997 N.W.2d 644
S.D.2023Background
- From Oct 2014–Oct 2017 Paul performed improvements, repairs, and later managed Wayback/Stonemeadow Ranch for Robert and Shannon Bathurst, claiming unpaid compensation, expense reimbursements, and other agreed benefits totaling $179,058.51.
- Paul alleges two successive agreements: (1) Oct 2014–Apr 2016 (services at customary rates) and (2) Apr 2016–Oct 2017 (biweekly $1,000 management pay), plus unreimbursed expenses, vehicle damage, an Ireland trip, and advance wages to a ranch hand.
- Payments to Paul came from Robert’s personal accounts, though she later received 1099s from Stonemeadow Ranch, LLC; Paul alleges the LLC is the Bathursts’ alter ego and seeks to pierce the corporate veil.
- Robert and Shannon moved to dismiss for failure to state a claim and alternatively under the statute of limitations (arguing SDCL 15-2-15(4)’s two-year limitation for "wages" applies). The circuit court denied failure-to-state but granted dismissal under the two-year statute.
- On appeal, the South Dakota Supreme Court affirmed denial of the failure-to-state dismissal (veil-piercing allegations sufficient at pleading stage) but reversed the statute-of-limitations dismissal and remanded to determine whether Paul was an employee or independent contractor (which controls whether the two-year or six-year limitation applies).
Issues
| Issue | Plaintiff's Argument | Defendant's Argument | Held |
|---|---|---|---|
| Which statute of limitations applies: two-year "wages" limitation (SDCL 15-2-15(4)) or six-year contract limitation (SDCL 15-2-13(1))? | Paul: claims arise from contracts/obligations and are governed by six-year limitations for contract claims. | Bathursts: claims are for "wages" (or liabilities for failure to pay wages), so the two-year limitation applies. | Court: Remanded.
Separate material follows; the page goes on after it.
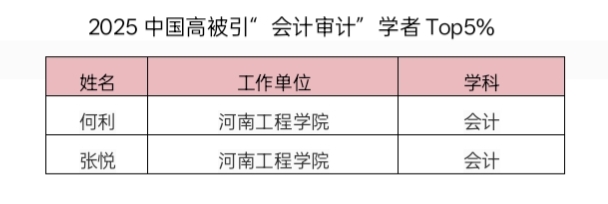 本次评选中,我院何利、张悦两位教师成功入选“2025中国高被引‘会计审计’学者Top5%”榜单,这一成果充分彰显了学院在学术界的影响力与学科竞争力。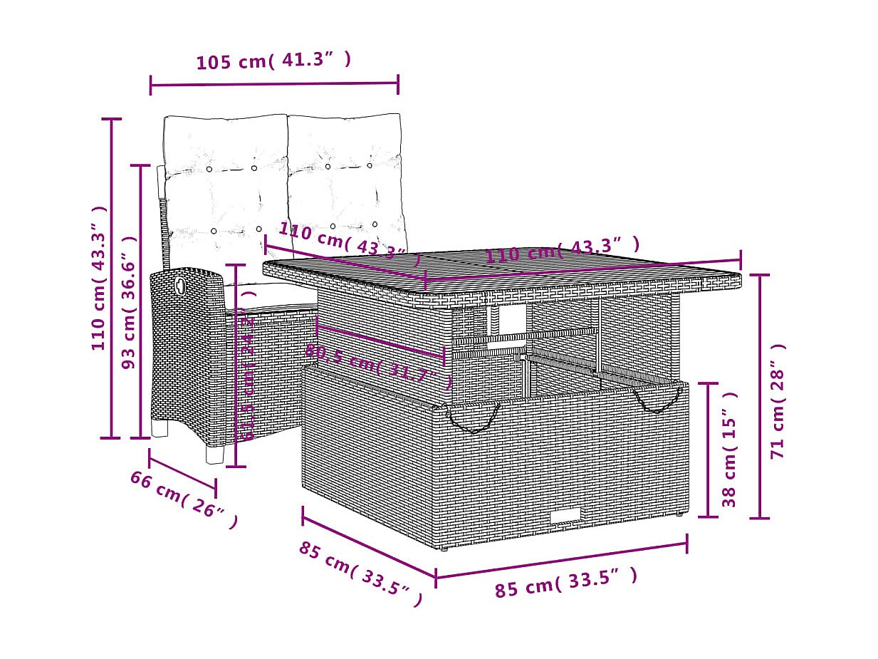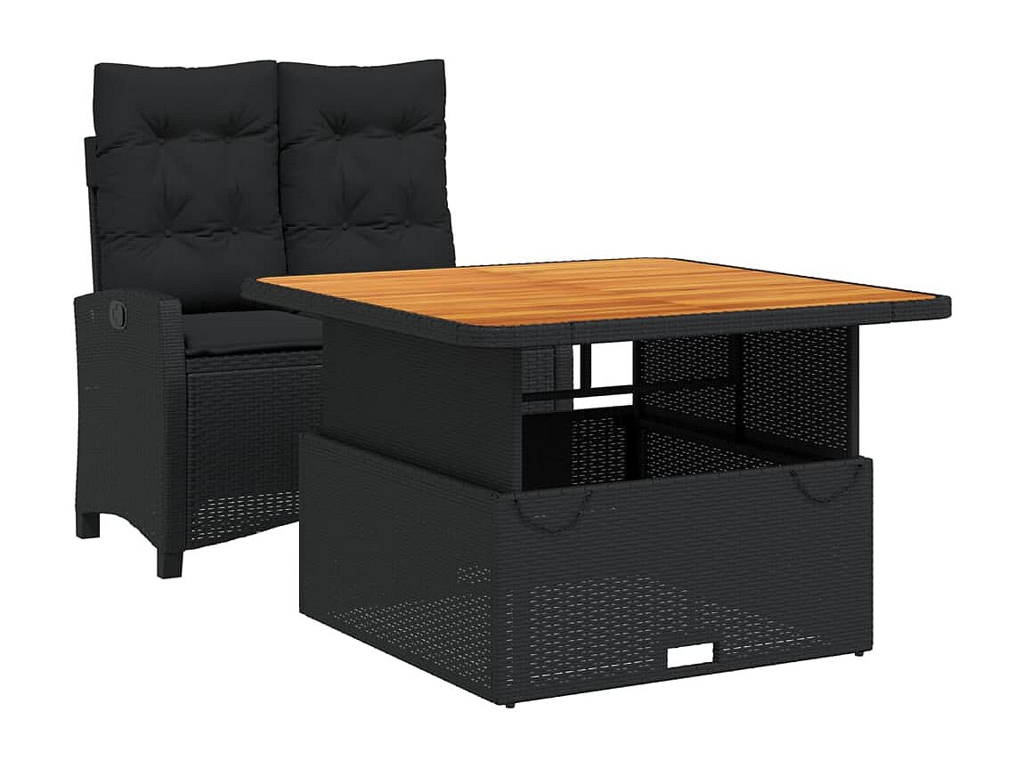Isyra Set comedor de jardín 2 pzas con cojines ratán sintético negro

Whether two- or six-year period applies depends on factfinder’s determination whether Paul was an employee (two-year for wage claims) or an independent contractor (six-year for contract claims); reimbursement claims that are not wages are not governed by the two-year rule. |
| Sufficiency of pleadings to hold Robert and Shannon individually liable (pierce LLC veil)? | Paul: alleged alter-ego/veil-piercing facts (undercapitalization, unity of interest, personal payments, representations that Bathursts—not LLC—were the obligated parties). | Bathursts: claims are against Stonemeadow Ranch, LLC; Paul failed to plead facts justifying veil-piercing. | Court: Held pleadings adequate to state a claim to pierce the LLC at the motion-to-dismiss stage; denial of dismissal affirmed. |
Key Cases Cited
- Sisney v. Best Inc., 754 N.W.2d 804 (S.D. 2008) (on a motion to dismiss, courts accept pleaded facts as true).
- Nooney v. StubHub, Inc., 873 N.W.2d 497 (S.D. 2015) (de novo review of failure-to-state claim).
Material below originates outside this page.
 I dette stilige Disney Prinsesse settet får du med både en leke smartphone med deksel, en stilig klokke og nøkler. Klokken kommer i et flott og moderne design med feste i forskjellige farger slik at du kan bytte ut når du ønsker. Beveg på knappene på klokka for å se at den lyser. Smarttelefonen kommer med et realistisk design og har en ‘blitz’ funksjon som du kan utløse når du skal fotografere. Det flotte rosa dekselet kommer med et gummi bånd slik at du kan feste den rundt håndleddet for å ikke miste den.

- Strassburg v. Citizens State Bank, 581 N.W.2d 510 (S.D. 1998) (statute of limitations questions normally are factual and left to factfinder).
- N. Am. Truck & Trailer, Inc. v. M.C.I. Commc’n Servs., Inc., 751 N.W.2d 710 (S.D. 2008) (motion to dismiss tests legal sufficiency, not disputed facts).
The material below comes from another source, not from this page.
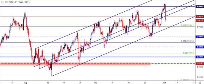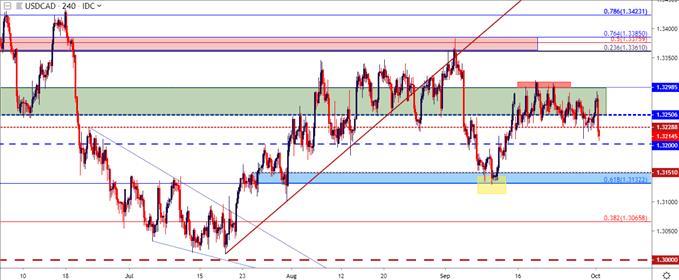 p-While the US Dollar was surging into the end of Q3,USD/CADcontinued to respect resistance, highlighting the fact that theCanadian Dollarwas fairly strong, as well.USD/CAD Four-Hour Price Chart

- Brevet Int’l, Inc. v. Great Plains Luggage Co., 604 N.W.2d 268 (S.D. 2000) (sets six-factor veil-piercing framework).
- Kan. Gas & Elec. Co. v. Ross, 521 N.W.2d 107 (S.D. 1994) (discussion of grouping veil-piercing factors).
- Kaiser Trucking, Inc. v. Liberty Mut. Fire Ins. Co., 981 N.W.2d 645 (S.D. 2022) (pleading "short and plain statement" standard).